== Task prompt ==
Instruction for the entries below: return the part that opens with the line containing "Zahradní stěrka s" and closes with the line containing "本网讯(m88官网胡小文)2", exactly, and no pictures.

[[ Supplied data, beginning ]]

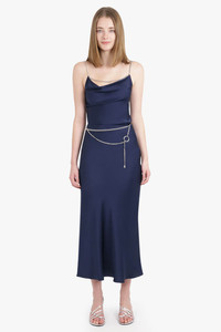 This Deep Navy maxi skirt features a silver-tone chain detail at the waist and a midi length. Fabrication: 100% recycled polyester Size and Fit Sophie: Model is 179cm/5’10” and is wearing a size FR36 Model Measurements: Bust: 76cm, Waist: 61cm, Hips 87.5cm French sizing Fits true to size Measurements 34: Waist 70cm, Hip 80cm, Length 98cm 36: Waist 72cm, Hip 82cm, Length 98cm 38: Waist 74cm, Hip 84cm, Length 98cm
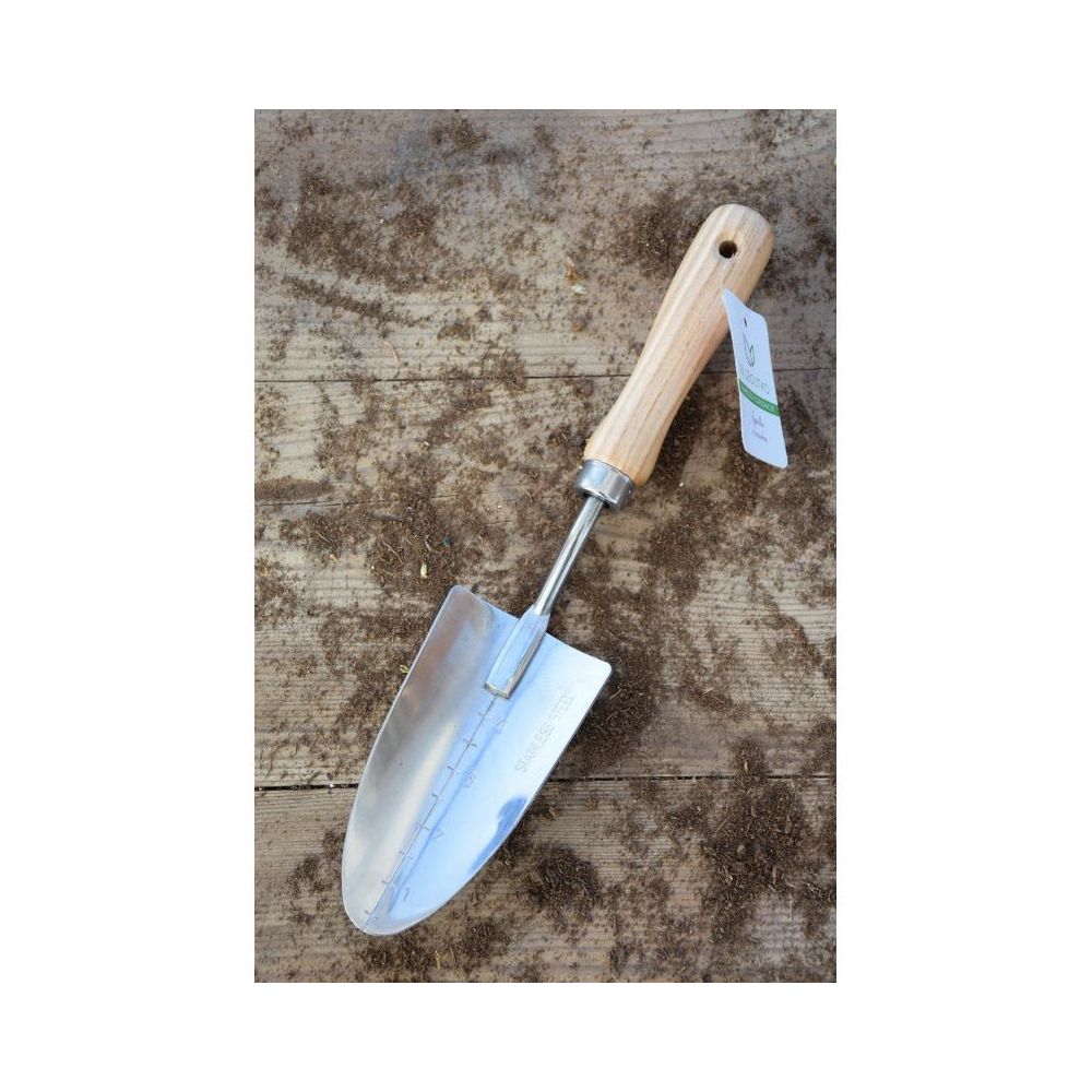 Zahradní stěrka s odměrkou je nástroj vyrobený z vysoce kvalitní nerezové oceli. Dřevěná rukojeť zajišťuje stabilní držení nástroje při práci. Stěrka určená k sázení a ošetřování rostlin doma, na balkóně i na zahradě. Díky odměrce snadno zasadíte rostliny do patřičné hloubky.
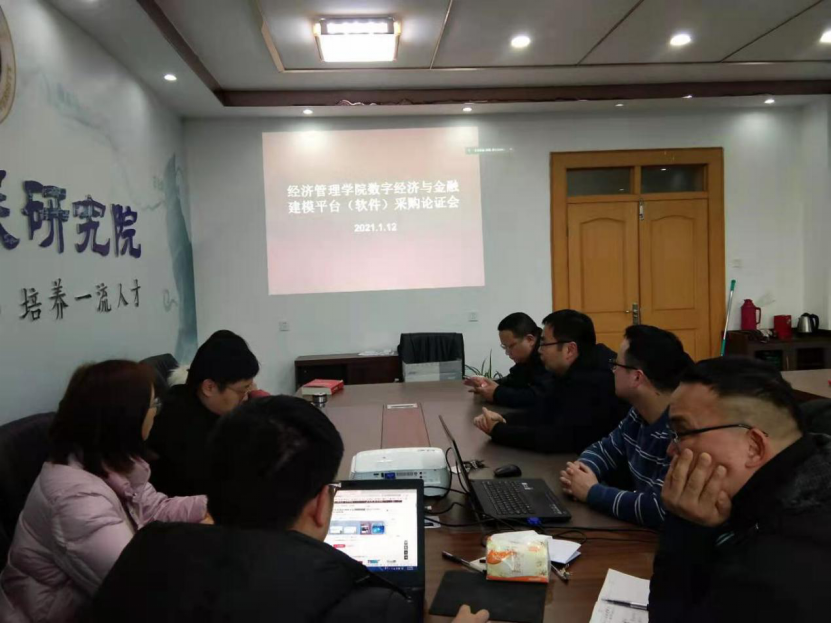 本网讯(m88官网胡小文)2021年1月12日下午,m88官网在徽商研究院召开了数字经济与金融建模软件采购前期论证会。参加会议的有韩玉刚副经理、经济系主任马长伟、金融系主任胡小文、供应链管理系主任杨康、实验中心主任史后波、财务管理系花冯涛教授、金融系张琼教授、金融系实验课程相关教师以及供货商,会议由金融系胡小文主持。
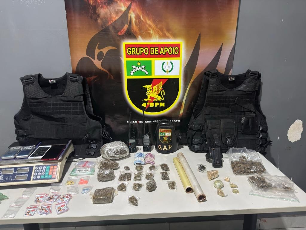 Com eles, foram localizadas um pedaço grande de maconha, além de duas porções menores e uma sacola contendo a droga, três porções de pasta base, seis porções de cocaína, dois coletes com placa balística, material para preparo e uma quantia de R$ 17 em dinheiro.
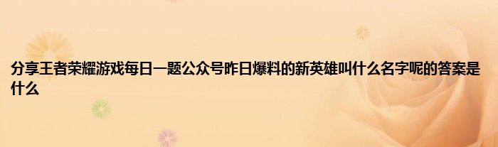 问题:公众号昨日爆料的新英雄叫什么名字呢?
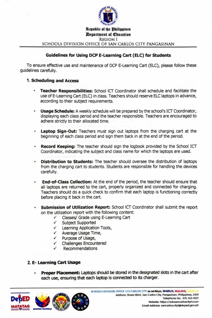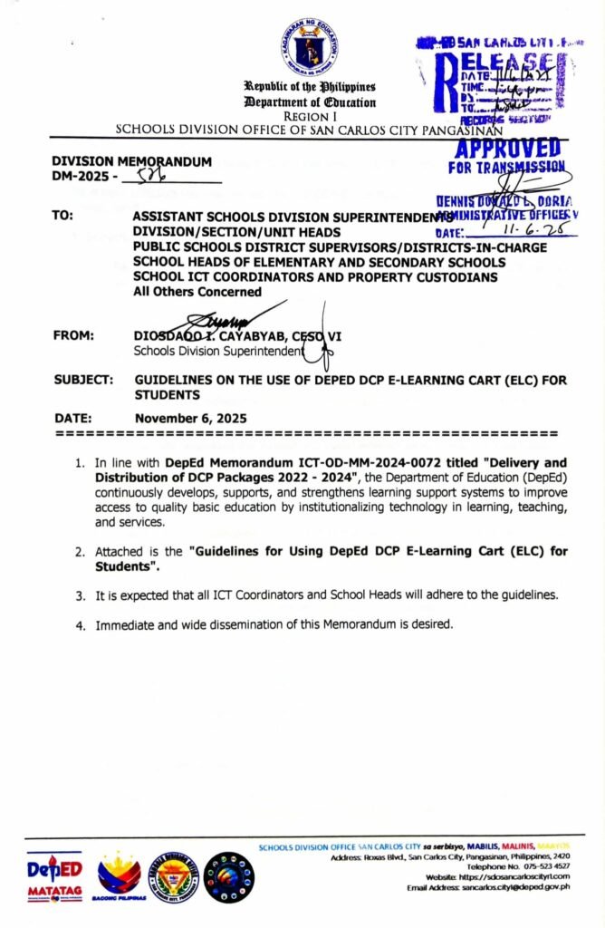 Division Memorandum No. 526 s, 2025 – Guidelines on the Use of DepEd DCP E-Learning Cart (ELC) for Students

[[ Supplied data, end ]]

== Solution ==
 Zahradní stěrka s odměrkou je nástroj vyrobený z vysoce kvalitní nerezové oceli. Dřevěná rukojeť zajišťuje stabilní držení nástroje při práci. Stěrka určená k sázení a ošetřování rostlin doma, na balkóně i na zahradě. Díky odměrce snadno zasadíte rostliny do patřičné hloubky.
 本网讯(m88官网胡小文)2021年1月12日下午,m88官网在徽商研究院召开了数字经济与金融建模软件采购前期论证会。参加会议的有韩玉刚副经理、经济系主任马长伟、金融系主任胡小文、供应链管理系主任杨康、实验中心主任史后波、财务管理系花冯涛教授、金融系张琼教授、金融系实验课程相关教师以及供货商,会议由金融系胡小文主持。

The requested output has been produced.